The budget, balanced for the 26th consecutive year, reflects administrative productivity improvement savings of $1.3 million, and includes funding for new positions on the faculty, in the University Libraries, the Office of Development and international programs. Also included is an increase in the academic enhancement fund of $2 million to be used for the implementation of future University Academic Planning Council initiatives.
The cost of a Boston College education in 1997-98 will be $28,472, a 4.5 percent increase over the current year. Tuition will rise $950, or 5 percent, to $19,770, while the average room rate will increase 3.3 percent to $4,840 and the board rate will rise 3 percent to $3,430. Fees will increase 3.8 percent to $432.
In a letter to the parents of undergraduate students, Executive Vice President Frank B. Campanella explained that annual cost inflation accounts for two-thirds of the increase, while the remaining third "will fund investments in services to students, such as increasing the number of full-time faculty to strengthen undergraduate teaching; making fuller use of new technology applications to bring the classroom to each student's dormitory room; and widening opportunities for special academic programs, such as international study."
Campanella told parents University administrators are "sensitive to the fact that any added cost represents a financial burden to many Boston College families," and that efforts are being made to keep cost increases down while the academic program is enhanced.
"In pursuit of those goals," he wrote, "the University is in the midst of a major change process. In addition to a top-down look at the organizational structure and plans for management review of all organizational units, we are in the midst of a comprehensive business process redesign."
Campanella cited recent changes to the student access system available on the campus network - which provides students with access to course descriptions and syllabi prior to on-line registration - as an example of the kind of value-added program the University will be offering to students.
"Our long-term strategy is to contain tuition increases by rolling out similar projects which simultaneously improve service to our students and provide significant gains in administrative productivity," he wrote.
Trustee Michael Murray, recommending the tuition, room and board increase to the full board, said members of the board's Finance and Audit Committee were satisfied that the University is not overpriced with respect to its competition, and found the level of financial aid provided to accepted students "fair and generous." Boston College financial aid for the 1997-98 academic year will total $59.9 million, a $5.7 million increase over this year's expenditure.
In other action, trustees received updates on the status of several building projects, and discussed the recent campus gambling situation and the likelihood of a capital campaign in the near future.

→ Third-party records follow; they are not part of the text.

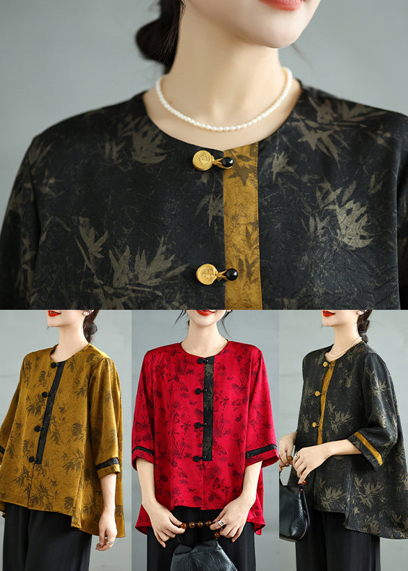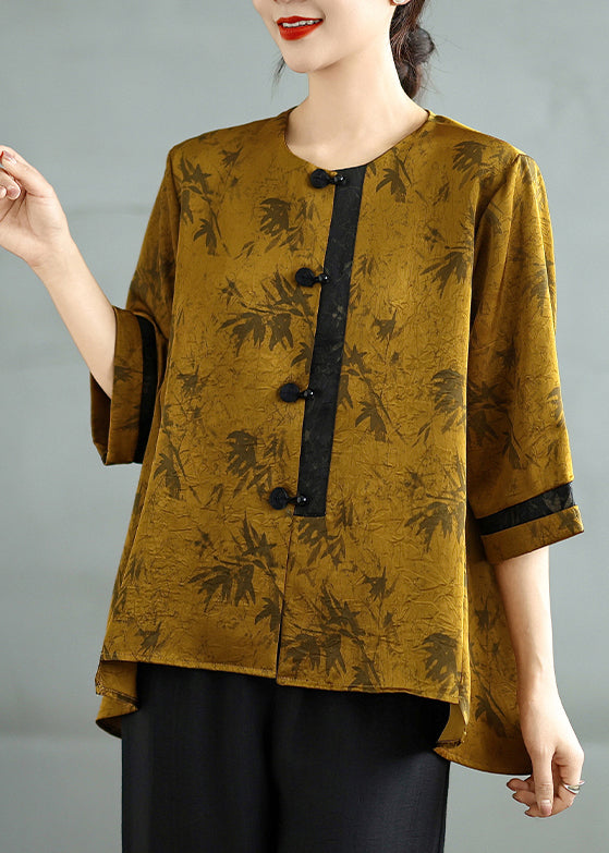 Fine Brown Chinese Button Print Silk Tops Bracelet Sleeve
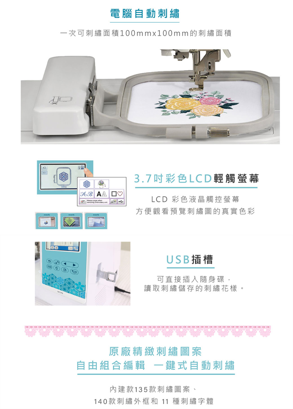 Brother】無線奇機智慧型電腦刺繡縫紉機 M-370 支援WIFI/中文繁體字都能繡/自動切線 (※4月底前送刺繡禮包+101種刺繡圖檔USB)
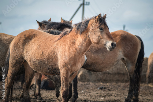 © shymar27, Fototapeta premium Beautiful thoroughbred horses in the spring on a farm in a paddock.

While Boston College continues to prepare for trial in its lawsuit with the City of Newton over the Middle Campus Project, Trustee Patrick Carney said plans are moving forward for a late spring start of the second phase of the Law School construction project. Carney said work on the demolition of Barry Pavilion and subsequent construction should begin shortly after Commencement in May.
Carney also reported that trustees continue to discuss with University administrators various options for a remodeling of Higgins Hall, which he called outdated and overcrowded. According to Academic Vice President and Dean of Faculties William B. Neenan, SJ, the facility is "woefully inadequate" to accommodate the number of students who choose biology to fulfill their core science requirement, as well as new and current research faculty in biology and physics.

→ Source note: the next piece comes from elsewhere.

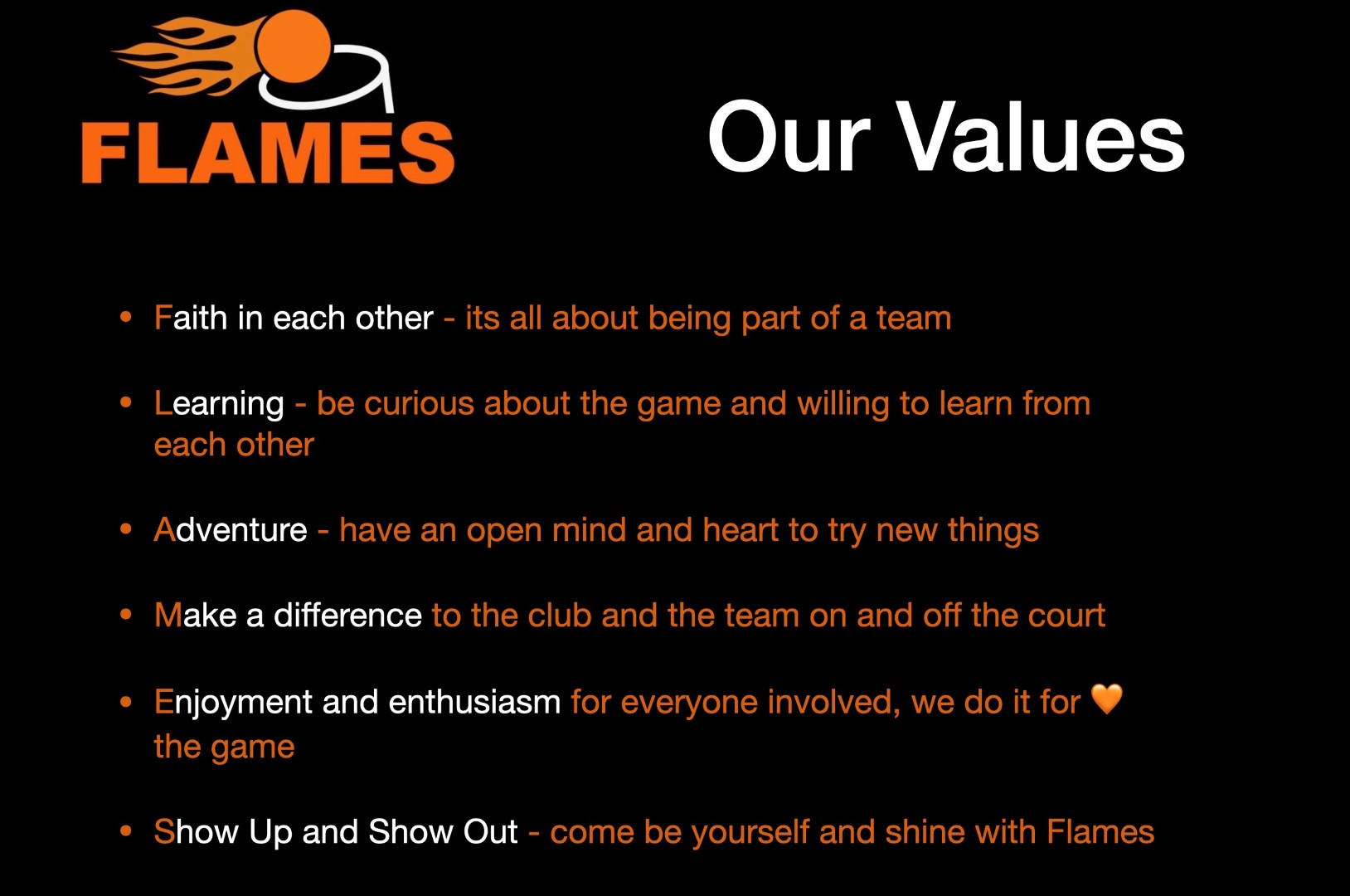 Flames: We're a Club, we're a team. From every player, umpire, and supporter, we're a team. We win together and we lose together. We celebrate and commiserate together. Defeats are softened and victories are sweetened because we did them together. We are Flames

Several trustees voiced concern about the scope of potential renovations, as well as the likely cost of extensive work on the facility, but most agreed the current facility is unacceptable and the board's Buildings and Properties Committee will study construction options prior to the board's May meeting.

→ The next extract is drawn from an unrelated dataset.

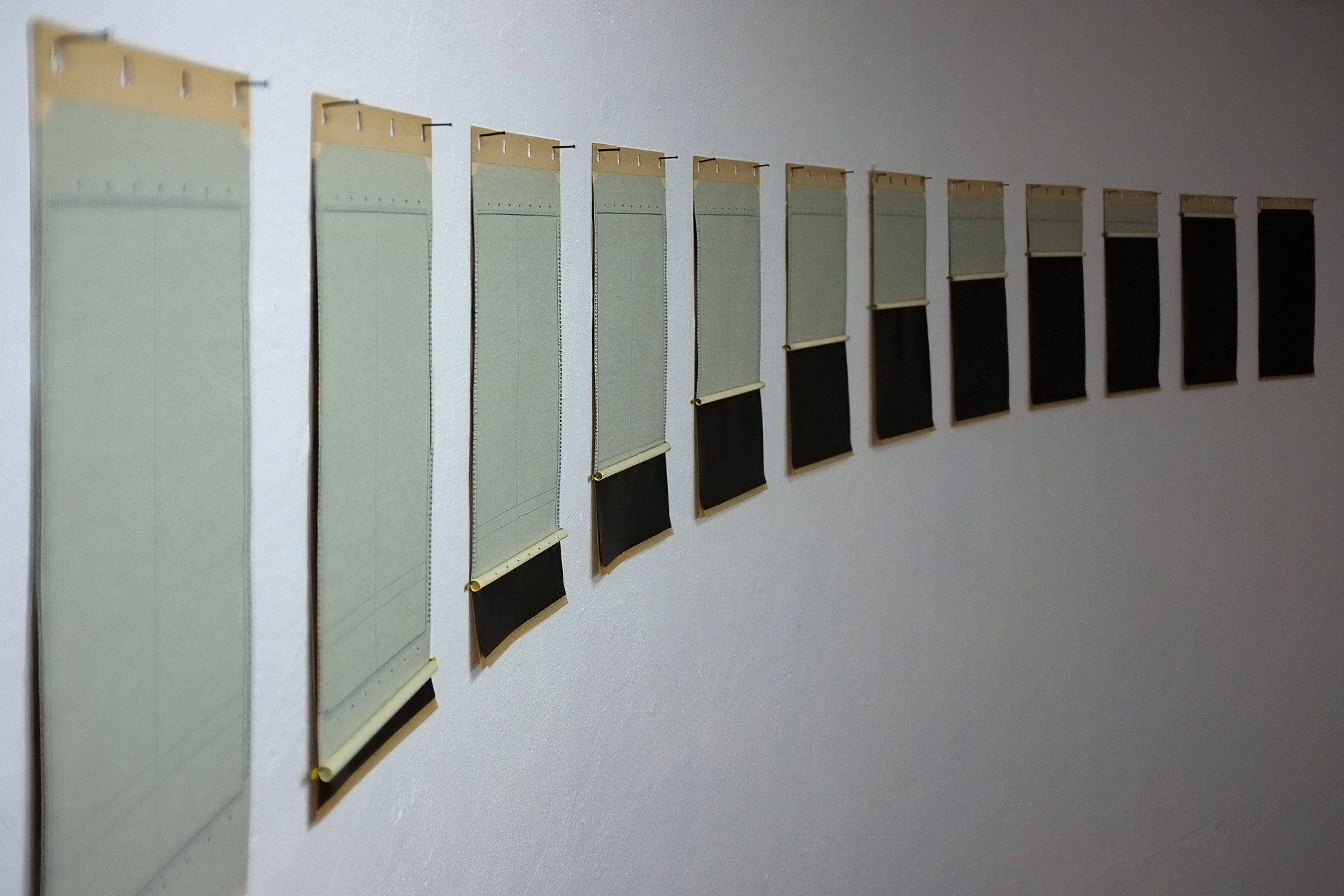 Crescendo - Papel Hectográfico c/ chapas de arquivo - 23,5 x 415,5 cm / 23,5 x 49 cm/cada - 2016

University President William P. Leahy, SJ, brought trustees up to date on recent actions taken in response to the investigation of illegal gambling activity on campus, and several trustees reported favorable reaction from the University community to the sanctions imposed on students.
The president also reported on a recent meeting in Washington, DC, during which presidents of the 28 Jesuit colleges and universities met with nearly 50 graduates of Jesuit schools now serving in the Congress. Fr. Leahy said he and the other presidents urged congressional reauthorization of the Higher Education Act.
Trustee Marianne Short told members of the board that representatives of the Undergraduate Government of Boston College and nine AHANA sophomores were encouraged by recent University initiatives in the area of race and gender relations. Short cited as evidence of progress in this area the establishment of the David S. Nelson Chair, diversity training workshops for Boston College Police, the establishment of an intercultural discussion series, plans to develop a racial harassment network and plans for vice presidents to be the first constituency to attend diversity training programs developed and sponsored by the Department of Human Resources.